Fascinating facts! Thank you. I have just written a medical memoir, 'No Time for Makeup: The life of a flying doctor and paediatrician' by Exisle Publishing. Strikes me that the parallels between medicine and ministry are not new. It is 90 years this year, 2025, since the RFDS base at Wyndham in North West Australia commenced flying aircraft out to remote places to pick up people who were ill or injured, or to provide medical support. And Flynn of the Inland of course, so pivotal.

I was a flying doctor in Kalgoorlie, the eastern goldfields section of WA in 1988, until 1990, and my husband, Dr Stephen Langford started as a flying doctor in Port Hedland in the Pilbara in 1983 and then continued his emergency work as a flying doctor in Perth and at Jandakot, in Perth, WA for 35 years. He was the innovator behind getting the first jets into the RFDS in 2009 so that patients could be evacuated from remote places like Kununurra, around 2,000 kilometres distant from Perth and be safely flown to tertiary medical care in around three hours, compared with earlier flights of eight hours with a fuel stop of airline meet and transfer of the patient onto another aircraft.

I was a child in Wyndham in 1965, when my father, The Reverend Barry Green headed up north in a LandRover on an epic trek from Perth to Kununurra, with his young family of four. He was sent by the Bush Church Aid Society of Australia, BCA, to be the first Anglican priest in North West Australia. This year it is the 60 year anniversary of that historic milestone.
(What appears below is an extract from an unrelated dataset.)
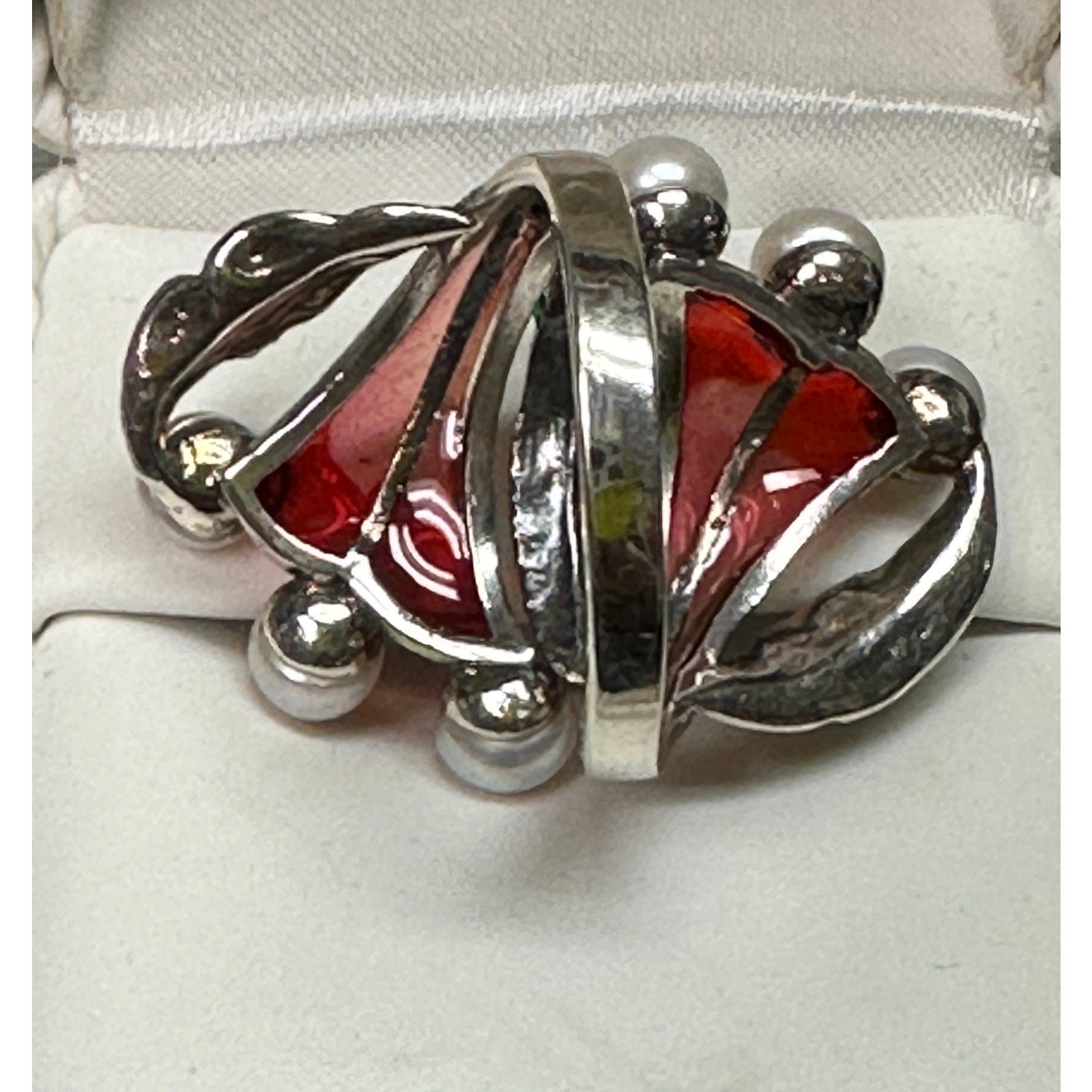 Beautiful Modern Art Nouveau Inspired Floral Design Colourful Plique A Jour ( poured glass) Cultured Pearl Sterling Silver Ring size 9. Measures 1 1/4” wide. Pearls are approx 5mm. Perfect holiday ring. Very Christmasy

My dad spoke in the 1970's with The Reverend Len Daniels, first flying parson or padre, who flew in the cloth winged de Havilland Gypsy Moth across his outback parish in Wilcannia. Len Daniels allegedly talked of how he shared with Flynn the practicality of setting up flying bases in the outback to bring medical assistance to those in the bush.
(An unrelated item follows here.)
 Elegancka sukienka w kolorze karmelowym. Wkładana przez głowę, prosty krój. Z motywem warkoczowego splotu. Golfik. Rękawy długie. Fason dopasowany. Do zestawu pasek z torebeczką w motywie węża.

Len Daniels was also my mother's Anglican parish priest from 1941 at St Stephen's in Kurrajong, in the Blue Mountains. Mum is now 87 but recalls Len Daniels speaking about how he and John Flynn discussed aviation and setting up medical bases. Len Daniels begun flying in his aircraft, 'Far West' in 1928. Flynn had watched him do that with great admiration around 1929. My mother also recounts how Len Daniel's bi-fold plane had cloth wings and when he flew out to services his wife would accompany him and take her sewing basket, so that if there was a tear in the wings she would repair it with a needle and thread while her husband took the service!

I think it is such an interesting marriage, the way medicine and ministry have evolved and am so grateful that I have been fortunate to live the story of the development of the RFDS, a vision that both John Flynn and Len Daniels were part of.

I hop you don't mind me sharing this personal recollection and perspective.